# Convert any usb device to wireless??



## apj101

Hi Guys

Can someone here help me out.  

Im looking to buy a device that can convert any usb device to wireless, don't care what standard of wireless, but it must be able to cover a bit of a range

The project is, i'm putting a fingerprint scanner on my front door to open the lock, i want to use a pc to control the recognition.
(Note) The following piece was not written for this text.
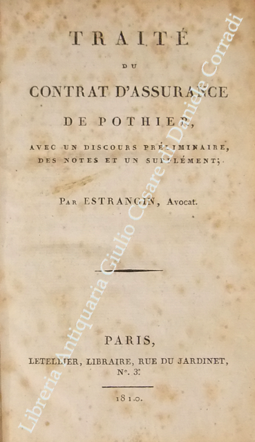 Traite du contrat d'assurance avec un discours preliminaire, des notes et un supplement; par Estrangin

But i don't want to have the pc right next to the door, i want the scanner (which is something similar to this) to plug into the wireless device and transmit wirelessly to some sort of a receiver attached to the pc

I could build one myself, but why reinvent the wheel .  I don't want to have to deal with plug and play issues


----------



## lynx6200

Sounds to me like you would need something like a wireless usb adapter/hub.  To my knowledge there isnt anything like that out yet.  Heres one I found though to be release fairly soon.  Hope that helps.
http://www.tuaw.com/2006/01/03/belkin-wireless-usb-hub/


----------



## apj101

think this should do the trick
http://www.silexeurope.com/euro/products/network/usb/sx2000wg.html
http://www.expansys.com/product.asp?code=128103&partner=register

bit pricey though... could probably build one on rf for under £30... 

anyone else???


----------



## apj101

anyone anymore thoughts?


----------